A study of Sabellidites using high-resolution computed tomography (SEM) revealed that the surface is tubular and is  a 'regular cross-folded sculpture, without regular segmentation. Tubular walls consist the two layers. The framework of internal layer is a longitudinally oriented fibers and the framework of outer layer is a chaotically interwoven fibers. There are many crystals of pyrite (FeS2) on the surface of tubular and inside of the body. However the walls of tubular are not pyritized. The pyrite is a result of replacement during post-mortam fossilization process… Composition of white spheres was determined by microprobe analysis.
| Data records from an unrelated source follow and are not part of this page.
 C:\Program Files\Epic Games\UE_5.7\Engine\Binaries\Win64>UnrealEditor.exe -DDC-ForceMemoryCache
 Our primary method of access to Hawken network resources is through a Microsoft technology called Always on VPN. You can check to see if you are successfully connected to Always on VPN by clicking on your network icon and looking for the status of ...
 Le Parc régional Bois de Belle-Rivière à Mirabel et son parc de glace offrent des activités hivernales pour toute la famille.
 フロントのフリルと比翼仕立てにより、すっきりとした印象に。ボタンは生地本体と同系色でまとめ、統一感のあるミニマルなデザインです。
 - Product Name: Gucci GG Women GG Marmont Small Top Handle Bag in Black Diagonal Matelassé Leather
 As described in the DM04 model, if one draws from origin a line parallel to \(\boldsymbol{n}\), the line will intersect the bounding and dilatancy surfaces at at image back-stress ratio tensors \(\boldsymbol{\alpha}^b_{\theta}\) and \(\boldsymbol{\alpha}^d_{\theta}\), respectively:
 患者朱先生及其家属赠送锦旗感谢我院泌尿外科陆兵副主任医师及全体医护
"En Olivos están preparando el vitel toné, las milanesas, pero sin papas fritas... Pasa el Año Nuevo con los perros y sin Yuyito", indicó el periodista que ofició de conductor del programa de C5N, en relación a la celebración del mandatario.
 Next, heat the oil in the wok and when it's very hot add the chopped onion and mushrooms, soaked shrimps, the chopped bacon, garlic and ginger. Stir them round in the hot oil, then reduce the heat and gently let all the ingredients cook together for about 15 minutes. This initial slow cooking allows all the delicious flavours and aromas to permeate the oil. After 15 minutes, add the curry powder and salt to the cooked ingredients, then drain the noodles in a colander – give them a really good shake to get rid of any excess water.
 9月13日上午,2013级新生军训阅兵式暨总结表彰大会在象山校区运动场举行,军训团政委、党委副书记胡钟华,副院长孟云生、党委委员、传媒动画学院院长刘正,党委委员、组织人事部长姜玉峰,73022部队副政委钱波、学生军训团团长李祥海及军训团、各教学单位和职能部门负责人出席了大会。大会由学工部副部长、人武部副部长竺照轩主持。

The replacement of organism body was not uniform - there are pyritization, calcification and siliceous with organic ingredient fragments intermixed. Probably the tubular was external skeleton and only soft tissues have been replaced. Nano-CT study shown two-layers structure of tubular’ (Plotkina, Kulkov, Golubkova and Kushim, 1990).

 

Along with other workers, Moczydlowska, Westall and Foucher (2014) note that, ‘The fossil Sabellidites cambriensis Yanishevsky, 1926, derived from the terminal Ediacaran strata, is the earliest known organically preserved animal that belonged to a newly evolving fauna, which replaced the Ediacara-type metazoans… The highly ordered and specific pattern of fiber alignment (i.e., the texture of organic matter) is similar to that of representatives of the family Siboglinidae.’

 

The phylogenetic affinities of S. cambriensis are unclear. Its morphology and presumed chitinous tube material led Sokolov (1972) to propose a pogonophoran affinity. Today the phyla Pogonophora and Vestimentifera are placed in the polychaete family Siboglinidae (Rouse and Fauchald, 1997)… Moczydłowska et al. (2014) revealed that the microstructure and biogeochemical features of the organic tubes in Sabellidites have a chitinous-proteinaceous fibrous composition matching that of extant siboglinid tubes’ (Hybertsen, 2017).

 

Evidence from biogeochemistry show that the organic tubes of  Sabellidites contain β chitin. The closest animal, which has both β chitin and is similar in its morphology is the family Siboglinidae. Thus some scientists group Sabellidites as an extinct member of the family Siboglinidae within the phylum Annelida.

 

Siboglinidae, also known as beard worms, are a family of extant polychaete annelid worms whose members make up the former phyla Pogonophora (the giant tube worms) and Vestimentifera. They live in sediments at ocean depths from 100 to 10,000 meters. Siboglinids are, on average, less than 1 millimeter in diameter and 10–75 centimeters in length. The tubes are often clustered together in large colonies. The worms have a complex closed circulatory system and a well-developed nervous system, but as adults, siboglinids lack a functional mouth, gut and anus. Their primary nutrition is derived from the sulphide-rich fluids emanating from hydrothermal vents. The sulphides are metabolized by symbiotic hydrogen sulfide- or methane-oxidizing bacteria living in an internal organ, the trophosome. One gram of trophosome tissue can contain one billion bacteria. Siboglinids are either male or female (dioecious.) The fertilized eggs hatch to produce small paramecium-like larvae which, upon maturing, lose the ability to move freely and become sessile.

 

Weiguo, Guixiang and Benhe (1986) found that Sinosabellidites Zheng ‘a worm-like organism of questionable metazoan’ from the Liulaobei Formation (850 Ma) bore a superficial resemblance to Sabellidites but doubted that the relationship went any deeper.